Mobil yang dikendarai Saiful mengalami oleng saat hendak menuruni jalanan curam di jalur tengkorak Jalan Raya Sendi, Kecamatan Pacet, Kabupaten Mojokerto. Mobil yang penuh muatan manusia tersebut, mengalami rem blong akibat tak mampu menahan beban, ditambah kondisi jalanan basah yang habis diguyur hujan.
Sempat terpikir olehnya untuk membanting setir dan menghantam sekumpulan sepeda motor yang kala itu terjebak macet. “Kalau seandainya mau, pasti akan banyak yang kelindes, Mas. Saya gak mau. Akhire, yowes bismillah ambil lurus ae,” ujar Saiful saat ditemui tim ruangobrol.id di kawasan Sidayu, Gresik pada Kamis (9/8).
Kendaraan pun meluncur deras, menghantam beberapa mobil dan sepeda motor sebelum akhirnya terjun ke jurang sedalam 20 meter.
Seluruh penumpang dalam mobil berteriak ketakutan, bahkan tak putus-putus diucapkannya nama Tuhan sebelum akhirnya terjun dan menggelinding hingga ke dasar jurang. Kondisi mereka mirip layaknya nastar yang dikocok dalam sebuah toples, saling jumpalitan tak karuan. Saiful sendiri terlempar dari badan kendaraan setelah kaca depan mobil pecah.
Tak ada yang bisa ia lakukan selain memasrahkan hidup pada Yang Kuasa. Dan dalam nuansa kepasrahan tersebut, terbayang istri dan wajah manis anaknya yang sedang menantinya di rumah.
“Aku wes pasrah karo seng gawe urip. Aku langsung bayangno bojo karo anakku, nek ileng iku (musibah) aku langsung nangis (Saya sudah pasrah sama Tuhan, aku langsung membayangkan istri dan anak saya.
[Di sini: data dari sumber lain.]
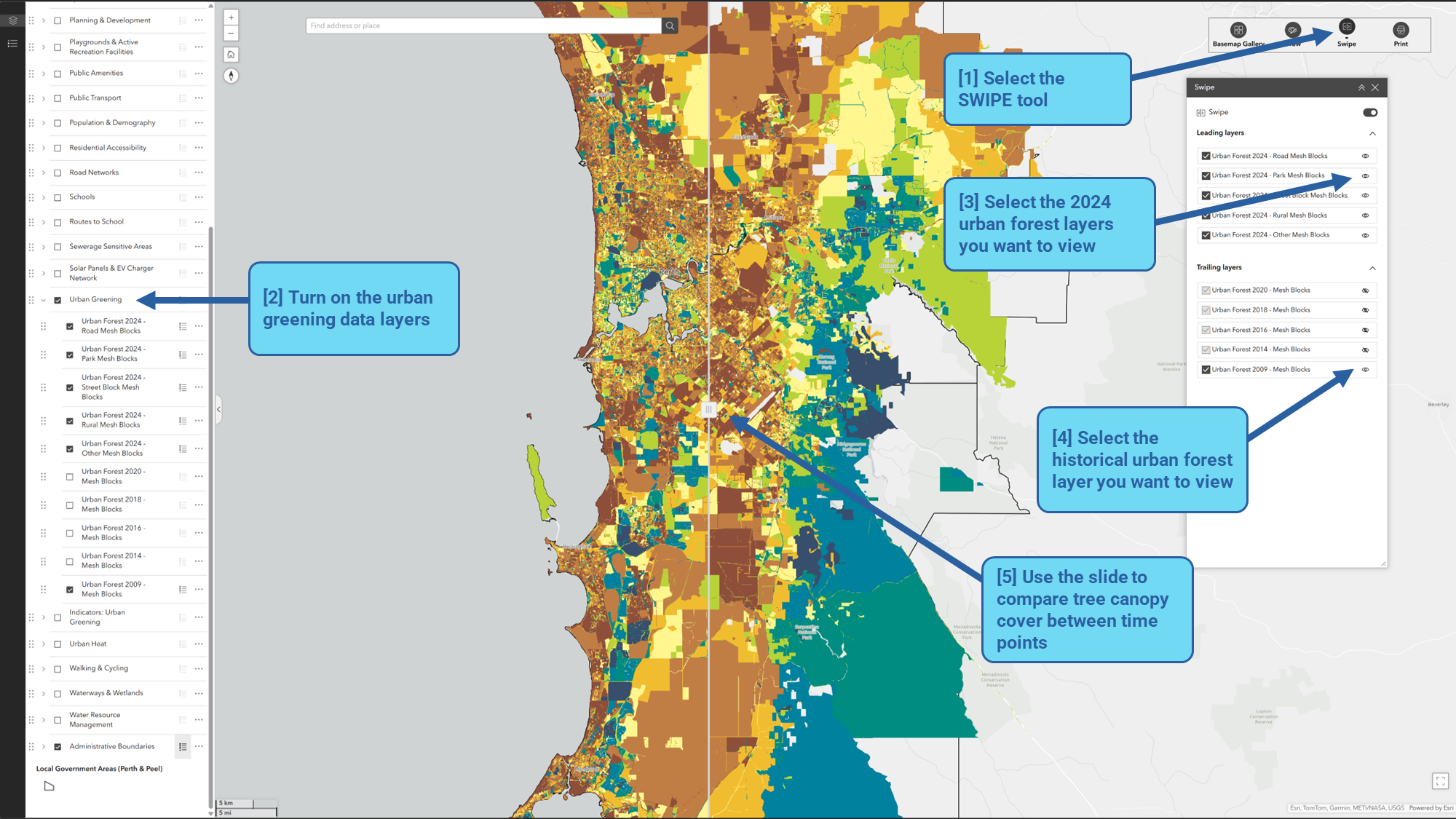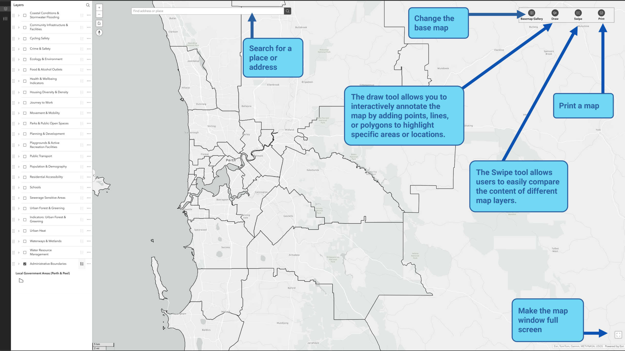 The Swipe tool allows users to easily compare the content of different map layers.
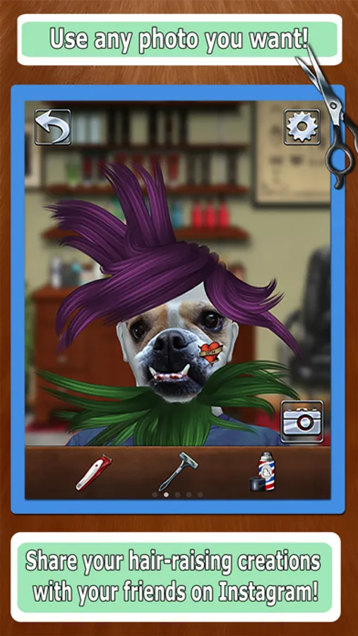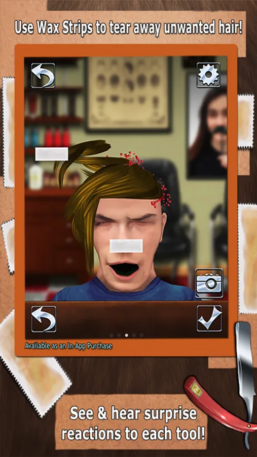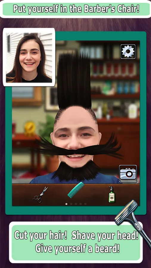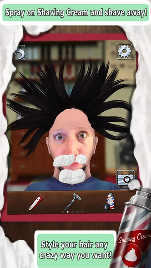 Pick from a fun assortment of shaving, cutting and hair styling tools to play with. Give yourself that dream haircut! Grow a curly mustache! Cleanly shave your head and face! Style your hair any way you want with the swipe of a finger!

Kalau ingat musibah itu, saya langsung nangis),” kenang Saiful.
Soal nasib barangkali manusia bisa merubahnya sepanjang ada kemauan, namun urusan umur dan hidup mutlak itu perkara Tuhan. Ajaib, seluruh penumpang selamat dan tak ada yang mengalami luka serius meski kondisi badan kendaraan ringsek.
Semenjak kejadian tersebut, kini ia menjadi lebih dekat dengan keluarganya. Baginya, keluarga adalah segalanya, muara mata hatinya. Mungkin Saiful Amal kini bersyukur bisa menikmati kesempatan kedua untuk mengharungi hidup bersama keluarga.
Satu pelajaran penting dari kisah Saiful, tentang bagaimana ia menghargai nyawa manusia saat dirinya dalam kondisi terjepit sekalipun. Sementara muncul sosok-sosok lain dengan cerita berbeda.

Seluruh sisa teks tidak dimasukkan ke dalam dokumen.